03.09.2005Brian Klug - Robert WistrichWhen Is Opposition to Israel and Its Policies Anti-Semitic?

What kind of role does anti-Semitism play in the Middle East Conflict? At what point does opposition to Israel turn into anti-Semitism? These issues are discussed by Brian Klug, British philosopher and journalist, and Robert Wistrich, director of the International Center for the Study of Anti-Semitism in Jerusalem

Dear Robert,

Brian Klug
Brian Klug
Last night I saw a one-man performance based on "If This is a Man", Primo Levi's haunting account of his experience of Auschwitz. It was like listening to a ghost from the "house of the dead" (his words). Today, writing this letter, I am filled with melancholy. When the State of Israel came into existence, rising out of the ashes of the Shoah, hope was in the air.

The new state offered survivors a haven. Furthermore, Zionism held out a promise for Jews everywhere: normalization and "an end to anti-Semitism" (Theodor Herzl). Yet, far from ending it, Israel is now the focus of what some people call a new anti-Semitism. In my view, anti-Zionism is not necessarily anti-Semitic. But there is lack of clarity about how and when anti-Semitism enters the picture. This leaves many people of goodwill confused. They are often uncertain whether they are being anti-Semitic when they criticize Israel or oppose its policies or question Zionism. How have we reached this point?
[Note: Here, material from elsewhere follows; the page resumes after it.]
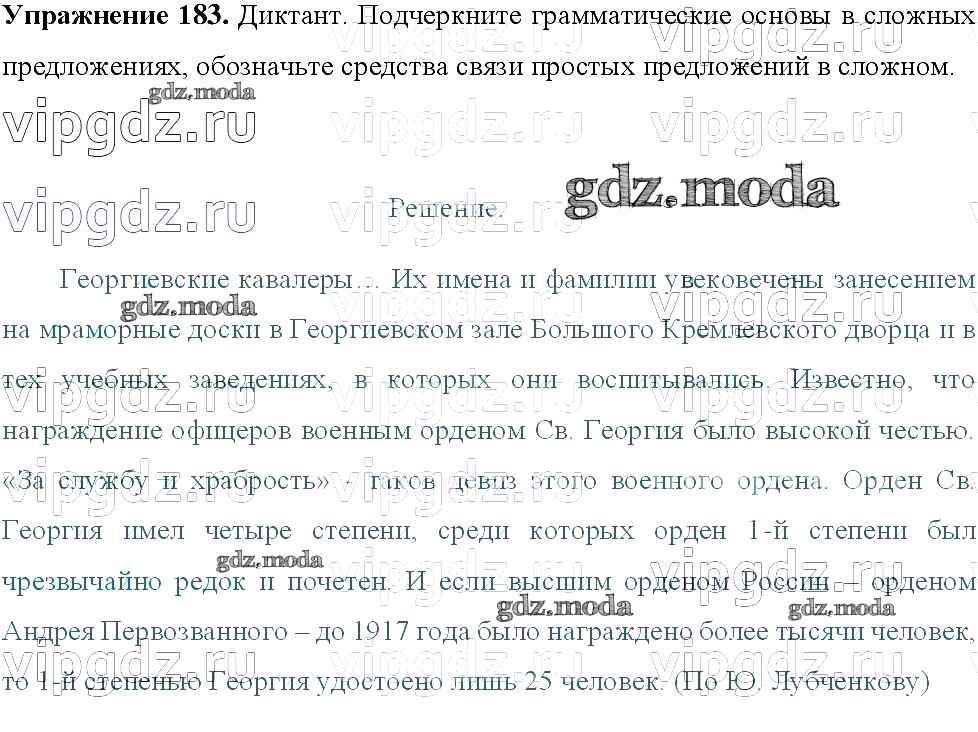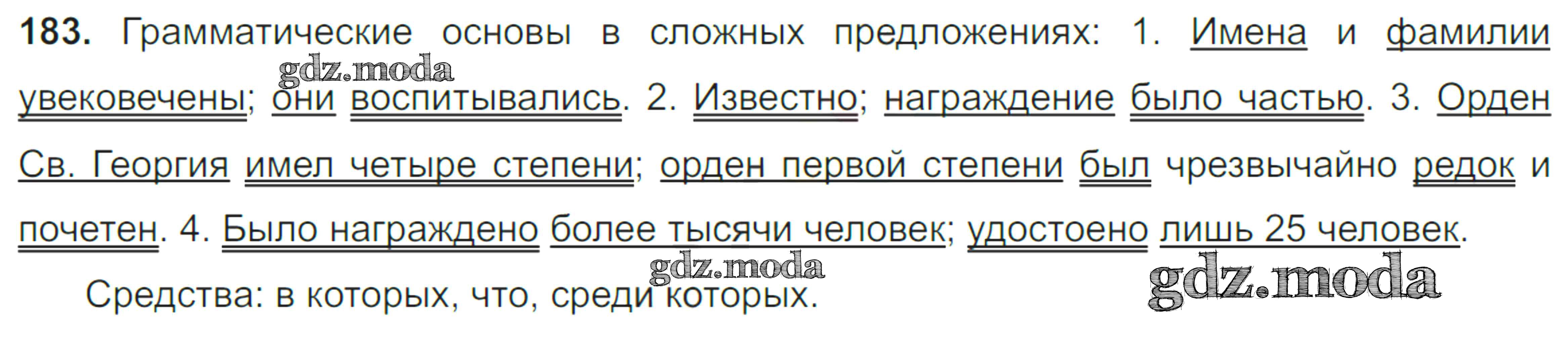 ОТВЕТ на задание № 183 Учебник по Русскому языку 8 класс Тростенцова

A major cause of confusion, as I see it, is that there are three different levels of hostility, and in practice they overlap. At one level, Israel's policies and actions provoke anger at the Israeli state as well as the Jewish people. I am thinking, in particular, of preferential treatment for Jewish citizens, the oppressive occupation of the West Bank and Gaza Strip, and the expansion of Jewish settlements.
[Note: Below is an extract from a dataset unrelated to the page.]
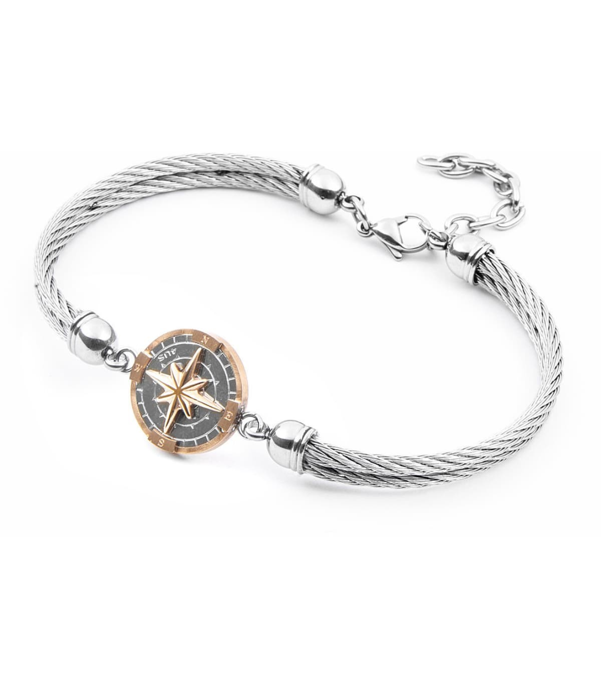 Bracciale da uomo 4US di Cesare Paciotti. Bracciale rigido con elemento centrale la rosa dei venti, realizzato in acciaio e finiture rosè. Lunghezza totale di 18cm più 4cm in riduzione. Chiusura a moschettone.

More profoundly, the hope of normalization was delusive. For Zionism was crucially ambiguous. On the one hand, it saw itself as a national movement for self-determination on behalf of a persecuted people. On the other hand, it was seen in the region as part of a European push into the Arab and Muslim heartland.

Seen from one side, Zionism meant liberation from Europe. Seen from the other side, the Jews who came as settlers were Europeans by any other name. In other words, Israel is resented as an interloper and an outpost of the West, at odds with the rest of the region. Viewing Israel this way is, to say the least, simplistic. But this attitude is not anti-Semitic; it is anti-Western.
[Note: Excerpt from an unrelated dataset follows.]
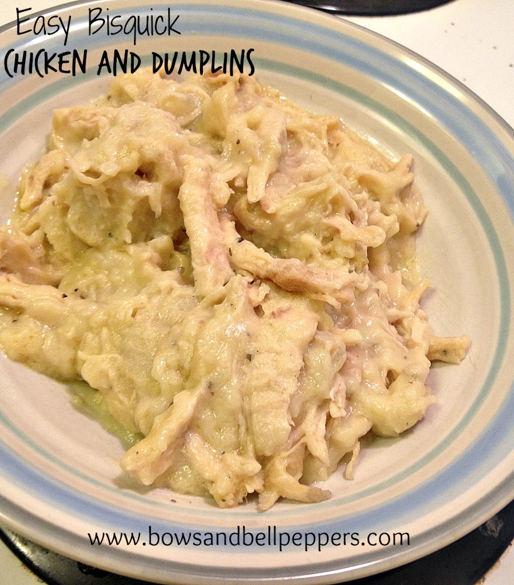 Easy chicken and dumplings made with bisquick.

The third level of hostility is anti-Jewish prejudice, some of it intense. We should not under-estimate this. But when does opposition to Israel cross the line into anti-Semitism? Perhaps we can explore this vexed question in our next round of letters.

Yours,

Brian Klug

Brian Klug is Senior Research Fellow in Philosophy at St Benet's Hall, Oxford University, and Associate Professor of Philosophy at Saint Xavier University, Chicago. He is Associate Editor of the journal Patterns of Prejudice, published by Routledge in association with the Parkes Institute for the Study of Jewish/Non-Jewish Relations at the University of Southampton and is a founder member of the Jewish Forum for Justice and Human Rights (UK). In November 2004 Klug gave an expert testimony at the Hearing on Anti-Semitism at the German Bundestag.